The answer must consist solely of the lines from the line with "그룹 혹은 팀 프로젝트에" to the final line of the data below, reproduced exactly, pictures omitted.

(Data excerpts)
========================================================================
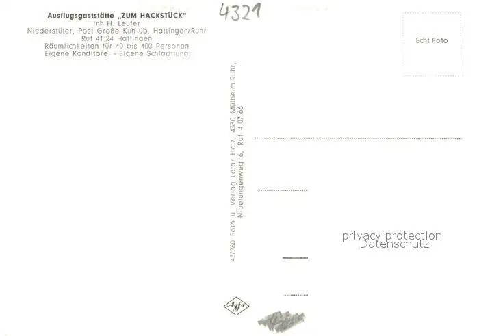 Hattingen_Ruhr Ausflugsgaststaette Zum Hackstueck Innen und Aussen mit Terrasse Hattingen Ruhr postalisch nicht gelaufen 1921-1965 Erhaltung siehe scans [LiesaD40] LiesID40
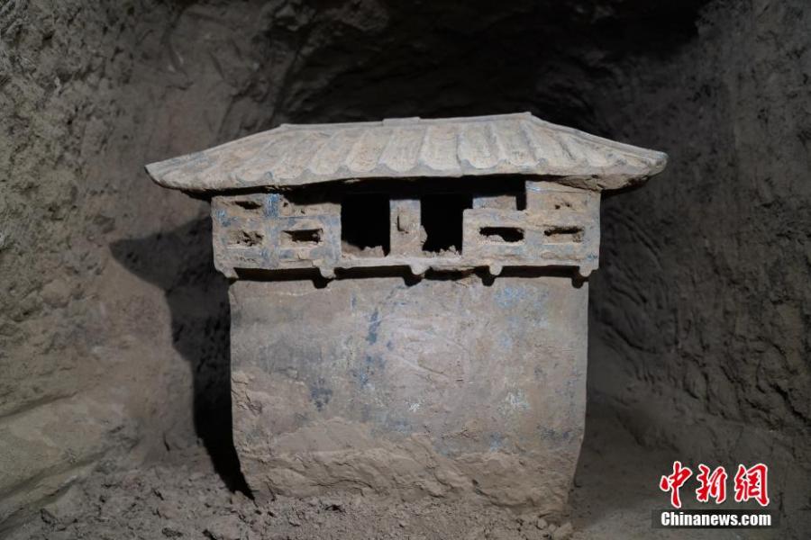 A pottery used to store cereals is seen in Dabaozi Cemetery, northwest China’s Shaanxi Province. (Photo/Provided to China News Service by Shaanxi Academic of Archaeology)
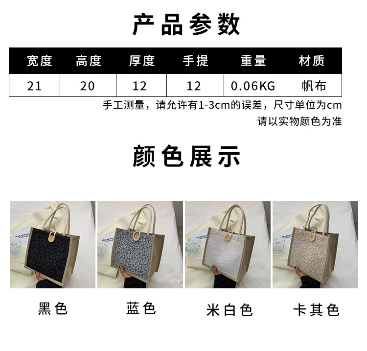 「买1送1!19.9到手两只」网红手提麻布包包女 洋气上班外出手拎便当袋日系ins小挎包箱包
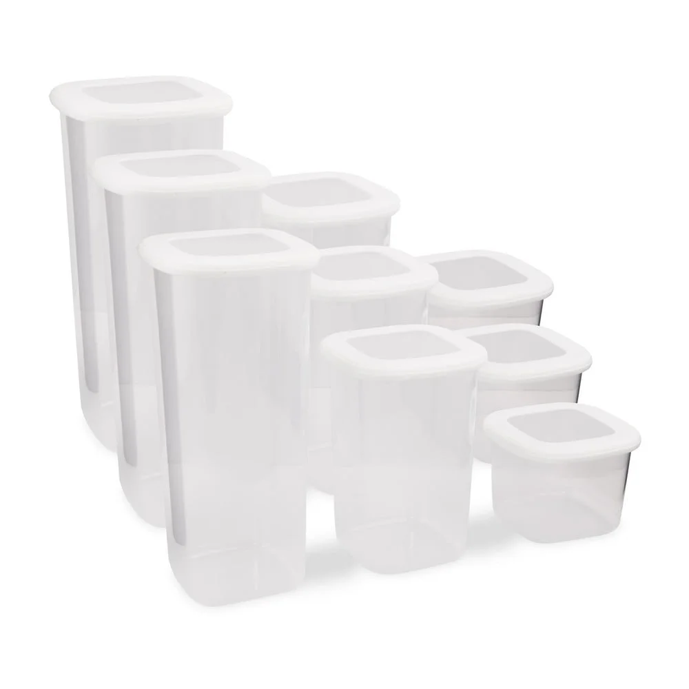 Organizujte svou kuchyni efektivněji s touto praktickou sadou 9 plastových dóz na potraviny. V balení najdete tři různé velikosti, které vám umožní skladovat potraviny v různých objemech a rozměrech. Dózy s objemem 500 ml, 1200 ml a 1750 ml jsou navrženy tak, aby perfektně seděly do každé kuchyňské skříňky nebo lednice, a usnadní vám přehledné uskladnění potravin. Vysoce kvalitní materiál zaručuje dlouhou životnost a snadné čištění, což je činí ideální volbou pro každodenní použití. Tento systém vám pomůže udržet potraviny déle čerstvé a uspořádané, a zároveň šetří místo v kuchyni.
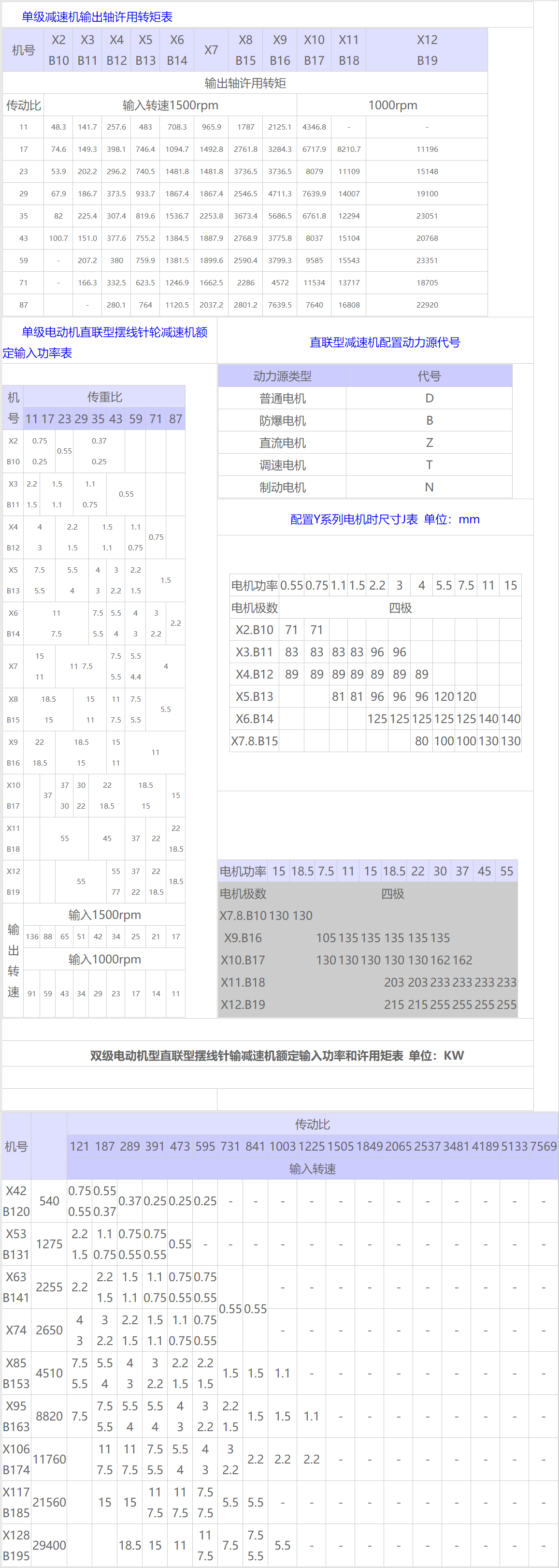 擺線針輪減速機的轉矩、傳動比和輸入功率
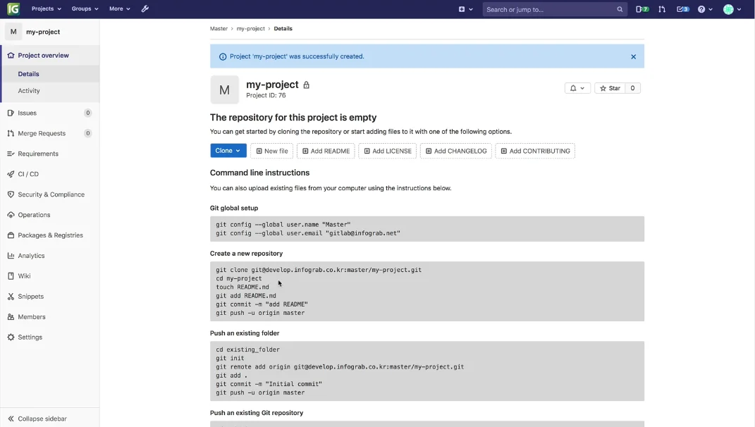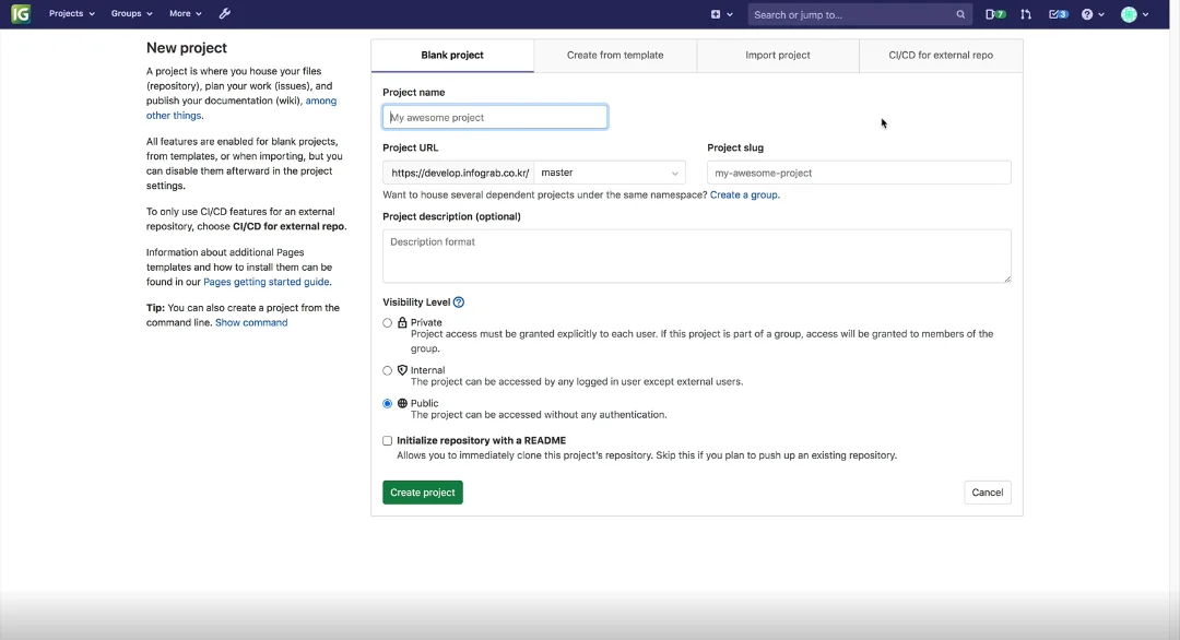 그룹 혹은 팀 프로젝트에 참여하지 않고 개인 프로젝트를 진행할 경우가 있습니다. GitLab은 개발자 친화적인 UI를 갖고 있기 때문에 대부분의 작업을 Web UI에서 할 수 있습니다. 개인 프로젝트를 GitLab의 Web UI를 이용하여 시작하는 방법을 알아 보겠습니다.
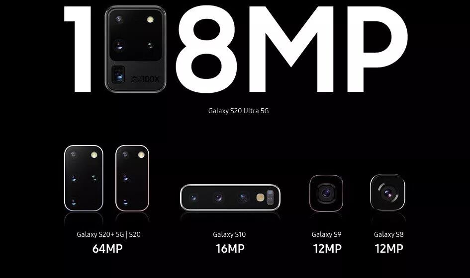 三星Galaxy S20 UItra后置四摄108MP主摄+索尼IMX586 48MP长焦+12MP超广+TOF,支持100X混合变焦,国行骁龙865,5000mAh。
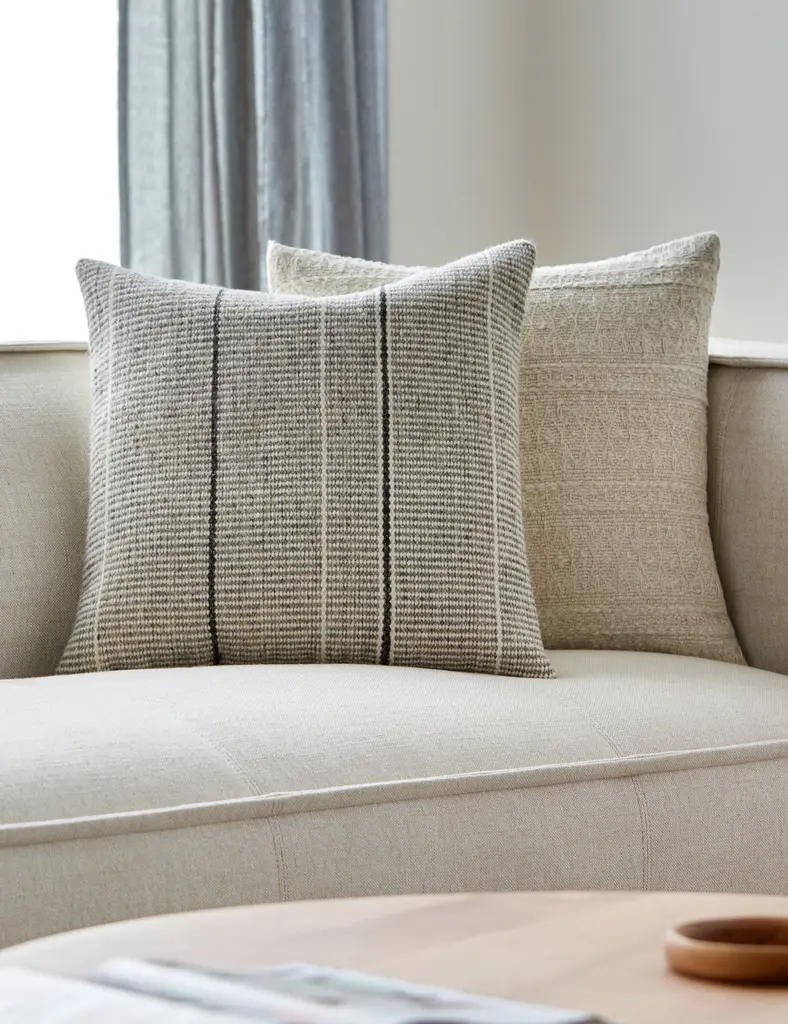Bring a touch of modern pattern to your curation with the Cowan accent pillow. Its chic design layers texture into the room in a minimalist palette perfect for mixing and matching with other throw pillows.
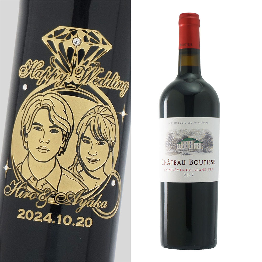 2017年 結婚記念年 / 誕生日 生まれ年ワイン 名前 似顔絵の彫刻 木箱入 平成29年
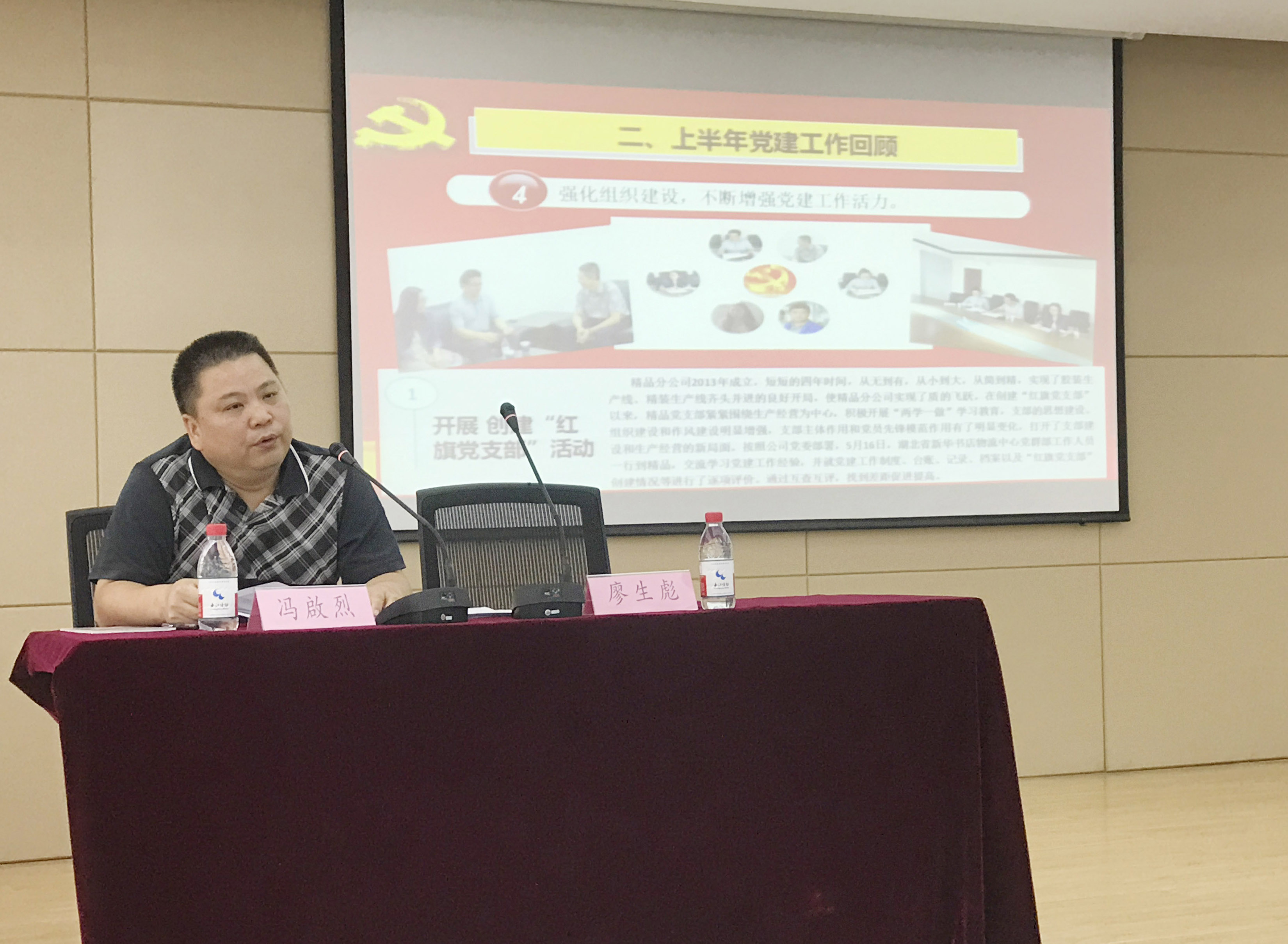 黨課開始之前,公司黨委書記馮啟烈首先向廖書記及與會黨員,回顧了今年上半年以來公司黨建工作開展的情況。上半年開展了中心組理論學習、“支部主題黨日”活動、紅色教育活動、“我與企業(yè)共成長”主題團日活動等主題鮮明的黨建活動,通過主題活動,切實將黨建工作虛功實做,充分發(fā)揮了作用,生產經(jīng)營各項工作扎實推進,并取得了階段性的成果?;仡櫩偨Y上半年黨建工作后,部署安排了下半年黨建工作任務。
========================================================================
ANSWER TO THIS TASK:
 그룹 혹은 팀 프로젝트에 참여하지 않고 개인 프로젝트를 진행할 경우가 있습니다. GitLab은 개발자 친화적인 UI를 갖고 있기 때문에 대부분의 작업을 Web UI에서 할 수 있습니다. 개인 프로젝트를 GitLab의 Web UI를 이용하여 시작하는 방법을 알아 보겠습니다.
 三星Galaxy S20 UItra后置四摄108MP主摄+索尼IMX586 48MP长焦+12MP超广+TOF,支持100X混合变焦,国行骁龙865,5000mAh。
Bring a touch of modern pattern to your curation with the Cowan accent pillow. Its chic design layers texture into the room in a minimalist palette perfect for mixing and matching with other throw pillows.
 2017年 結婚記念年 / 誕生日 生まれ年ワイン 名前 似顔絵の彫刻 木箱入 平成29年
 黨課開始之前,公司黨委書記馮啟烈首先向廖書記及與會黨員,回顧了今年上半年以來公司黨建工作開展的情況。上半年開展了中心組理論學習、“支部主題黨日”活動、紅色教育活動、“我與企業(yè)共成長”主題團日活動等主題鮮明的黨建活動,通過主題活動,切實將黨建工作虛功實做,充分發(fā)揮了作用,生產經(jīng)營各項工作扎實推進,并取得了階段性的成果?;仡櫩偨Y上半年黨建工作后,部署安排了下半年黨建工作任務。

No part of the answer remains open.